Many times, we’ve slept on the tracks of rustlers and shared a bite of food, a gulp of water. Together we’ve faced the bandits’ gunfire, hearing the breath of near-misses, and the crack of rounds flying wide. The other day Celestino had a brigand aim an assault rifle point-blank at his chest. He heard him pull the trigger and he heard the ‘clack’ of a dud round in the breach and then got beaten with the butt but survived. He was first to my rescue when a bandit ambushed me from so close that the muzzle flashes bounced off the windscreen of my vehicle. Afterwards he warned me that I had better take care, that he and I would not be so lucky next time. Of course there will be a next time, so I can see why he had to leave.

The stress was getting to him. He asked to have his heart checked, so we went to the doctor and asked him to examine us both at the same time. Studying the ECG results, the doctor told Celestino, ‘You are fit enough to fight a war.’ He turned to me, ‘But you, on the other hand…’ Celestino is a peaceful man, attached to a place of bananas and cane and houses like beehives, in the steamy benign farmlands of the Uganda frontier. He never really adapted to the arid, ascetic, wild, trigger-happy highlands of Laikipia.

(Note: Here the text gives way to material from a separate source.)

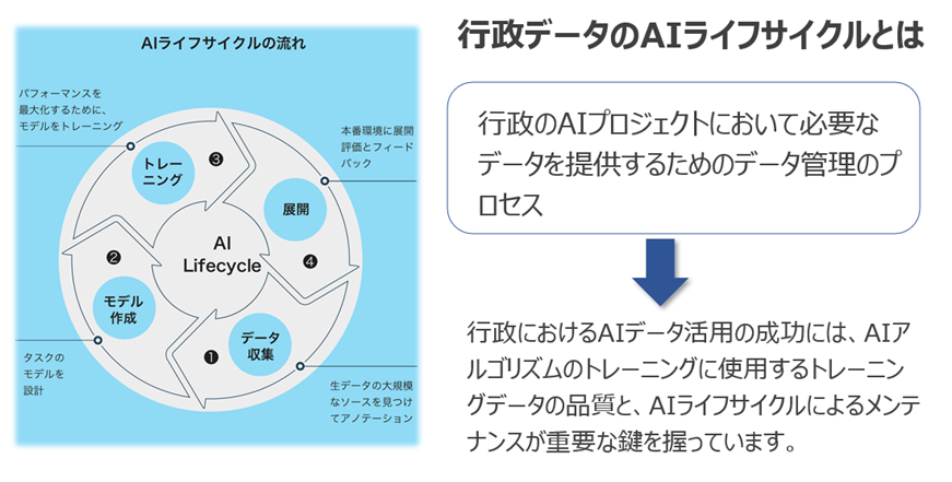 AOS IDXでは、こうしたAIライフサイクルの仕組みに基づき、AIデータにおけるAIシステムのためのAIデータ管理を行い、行政における優秀なデータがあって初めて優秀なAIシステムを実現できるというData to AIのコンセプトの元、AOS IDXによって、行政の効率化に向けたプラットフォーム構築を支援します。
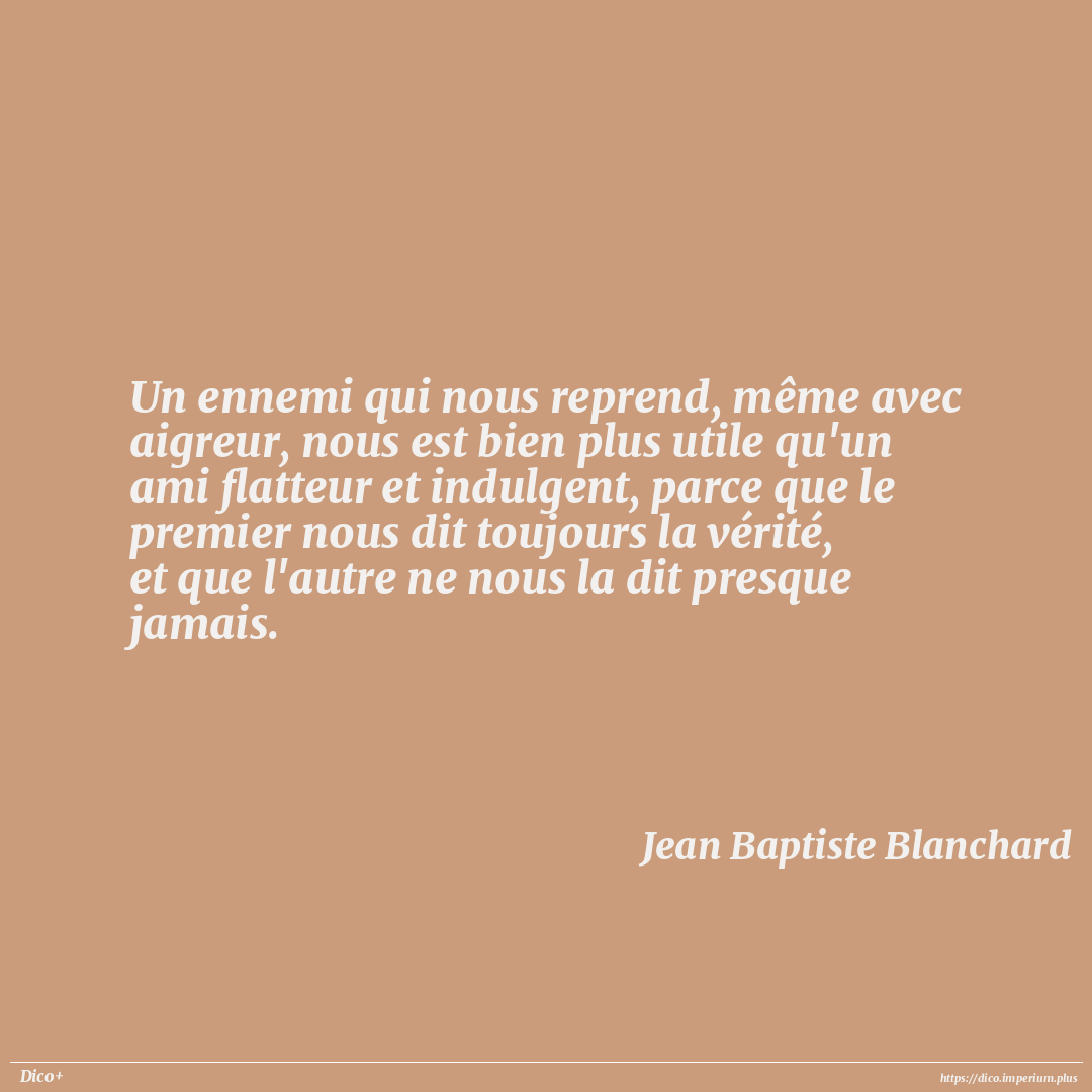 Un ennemi qui nous reprend, même avec aigreur, nous est bien plus utile qu'un ami flatteur et indulgent, parce que le premier nous dit toujours la vérité, et que l'autre ne nous la dit presque jamais.

It’s going to be tough to go on without him helping me but Celestino is at last going home like Bilbo Baggins after adventures he never wanted. I’m to visit him soon and I hope to help him with his sugarcane endeavours. He sent me a text message this week that started: ‘I hope you are physically fine, academically and spiritually good together with your family…’ He once opened a letter to me: ‘Get much sincere jubilant greetings. How is the atmospheric pressure in your corner? I am sitting here with my backbone on the shamba [farm]…’

I suppose my main worry concerns Celestino’s grandfather, Jacob Mukhamia Omanyo, who allegedly died at the age of 119. He claimed to have fought for the British against von Lettow-Vorbeck in the Great War — when the first and last shots were fired in Africa. Jacob died only in 2008, leaving 712 offspring in four generations after him. If Celestino is blessed with similar longevity, what on earth will he do for the next 73 years?